Wednesday, January 13, 2016
Legalized Marijuana Businesses Mostly Popping Up in Low Income Neighborhoods
When Amendment 64, the amendment seeking to legalize marijuana for recreational use by adults in Colorado, passed in November, 2012, Colorado became the first state to end the prohibition on marijuana in the United States. But not everyone is happy about it, especially families living in low-income neighborhoods. Why? That's where most of the marijuana facilities seem to be locating.
Neighborhood residents don't want it in their back yard
Many of the marijuana businesses have settled in poorer areas such as Elyria Swansea, Globeville and Northeast Park Hill in north Denver, and Overland to the south. City regulations restrict them to areas that are industrial; however, many low-income neighborhoods are next to industrial sites. While many marijuana business owners say they are being good neighbors, residents who live in these areas are concerned about the effect of weed being grown and sold in their back yard.
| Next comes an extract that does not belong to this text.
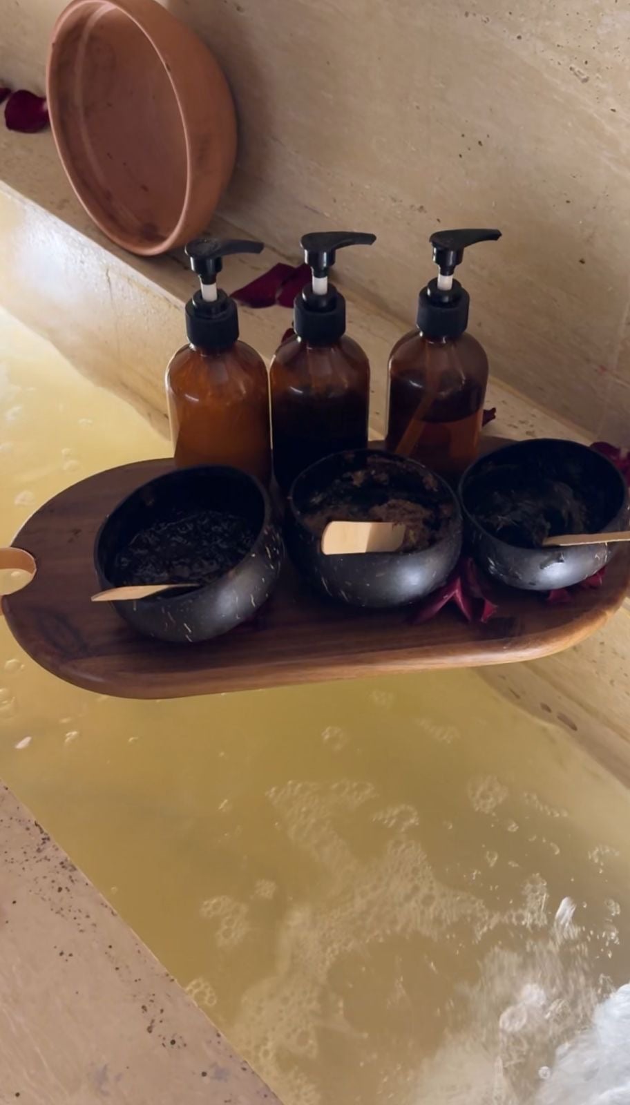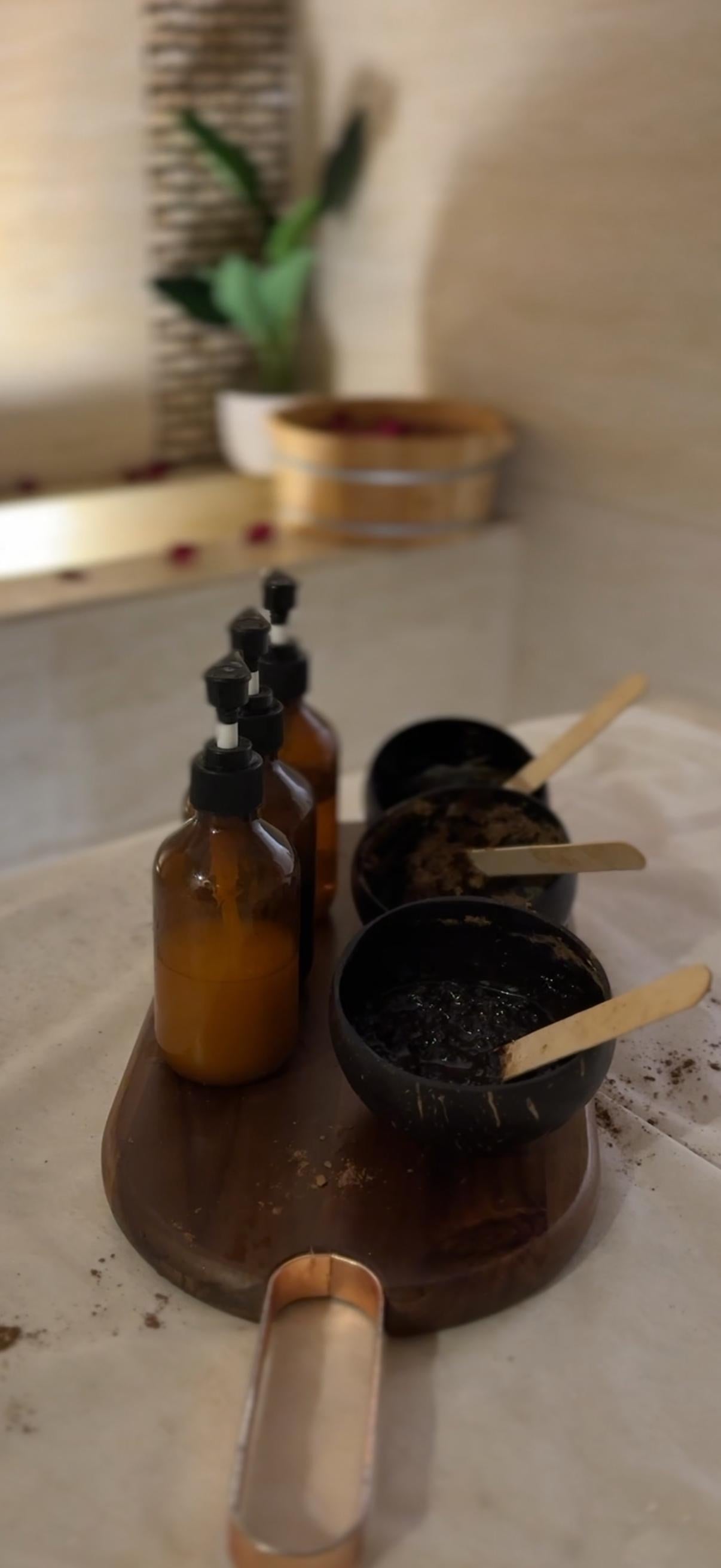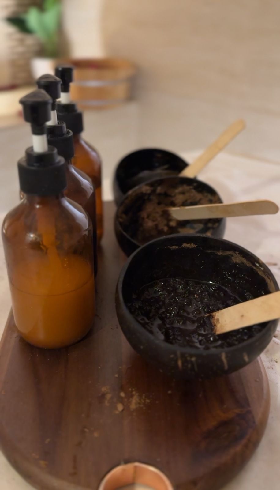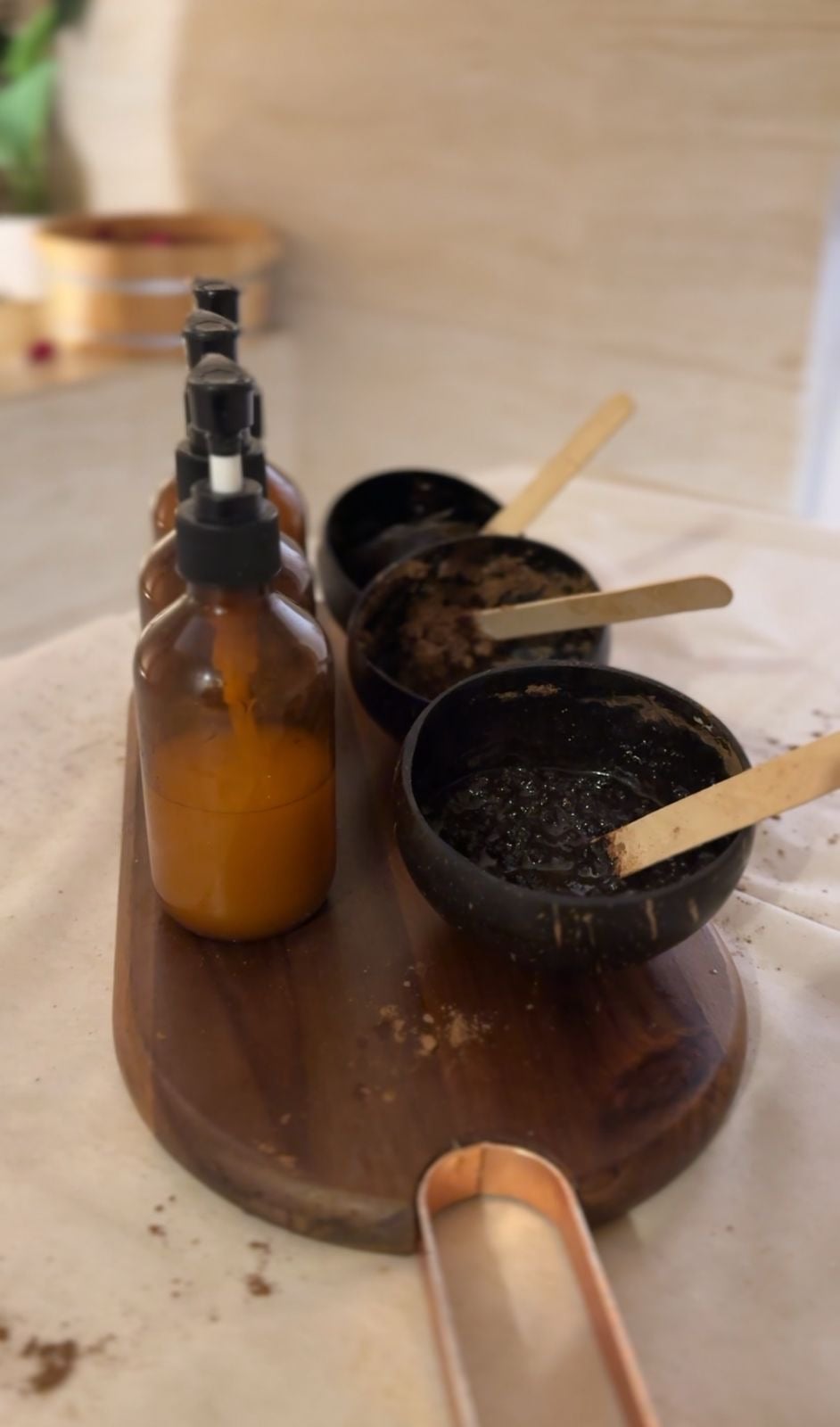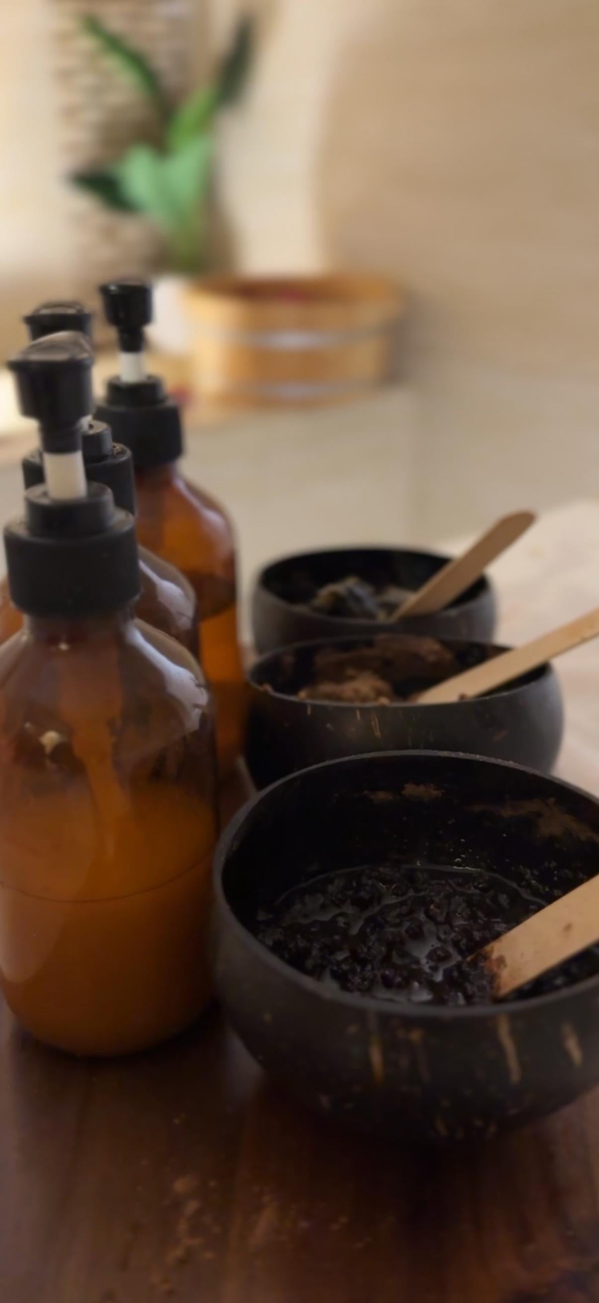 حمام مغربي بتقشير القهوة التي تساعد على تنشيط الدورة الدموية، وتنقية البشرة والتخلص من الخلايا الميتة، مع ترطيب بزيت جوز الهند.

What neighbors are concerned about
Many neighbors are citing the following concerns: rising crime, increased use of marijuana by teens, unlocked trash bins, and a disproportionate amount of marijuana businesses being located in their neighborhoods. While statistics have shown that crime in these area have increased only marginally since marijuana sales began, residents view it as simply undesirable industries moving into their neighborhoods.
One area in particular is along the city's southern area on either side of the Santa Fe Drive corridor that mostly covers the Overland neighborhood. This neighborhood has one marijuana license for every 47 people who live there. In addition, 70 percent of the residents are minorities. City officials continue to explore ways to create a more equal distribution of marijuana businesses.